> What is needed
Set down every entry exactly as it stands, omitting any picture.

---------- Source data ----------

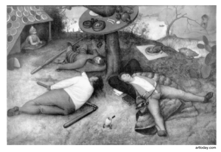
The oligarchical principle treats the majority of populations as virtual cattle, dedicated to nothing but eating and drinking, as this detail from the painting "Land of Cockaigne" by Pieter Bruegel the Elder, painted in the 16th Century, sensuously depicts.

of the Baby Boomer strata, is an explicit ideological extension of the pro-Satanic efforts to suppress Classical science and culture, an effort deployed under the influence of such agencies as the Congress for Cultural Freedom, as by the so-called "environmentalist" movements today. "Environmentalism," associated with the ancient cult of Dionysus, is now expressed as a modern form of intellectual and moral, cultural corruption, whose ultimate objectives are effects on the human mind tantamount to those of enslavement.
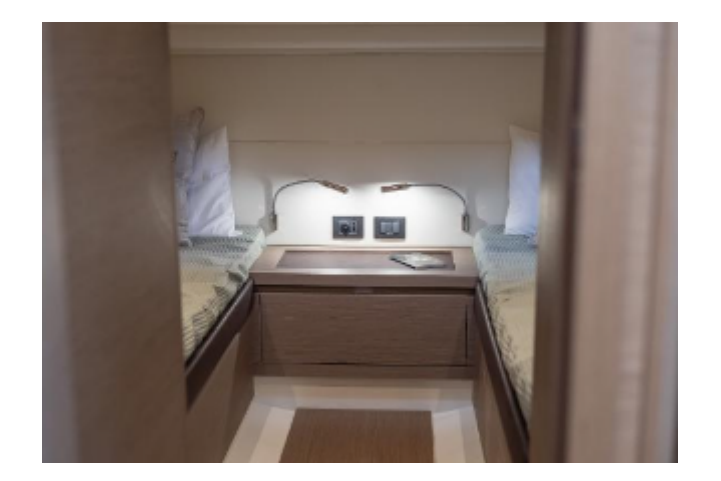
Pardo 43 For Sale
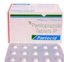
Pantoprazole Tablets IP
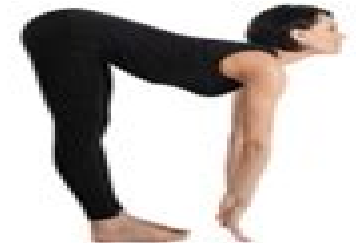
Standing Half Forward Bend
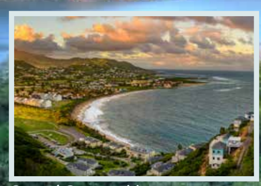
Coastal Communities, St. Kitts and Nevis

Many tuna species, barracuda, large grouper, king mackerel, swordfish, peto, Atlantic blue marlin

----------

> Response to this exercise
The oligarchical principle treats the majority of populations as virtual cattle, dedicated to nothing but eating and drinking, as this detail from the painting "Land of Cockaigne" by Pieter Bruegel the Elder, painted in the 16th Century, sensuously depicts.

of the Baby Boomer strata, is an explicit ideological extension of the pro-Satanic efforts to suppress Classical science and culture, an effort deployed under the influence of such agencies as the Congress for Cultural Freedom, as by the so-called "environmentalist" movements today. "Environmentalism," associated with the ancient cult of Dionysus, is now expressed as a modern form of intellectual and moral, cultural corruption, whose ultimate objectives are effects on the human mind tantamount to those of enslavement.
Pardo 43 For Sale
Pantoprazole Tablets IP
Standing Half Forward Bend
Coastal Communities, St. Kitts and Nevis

Many tuna species, barracuda, large grouper, king mackerel, swordfish, peto, Atlantic blue marlin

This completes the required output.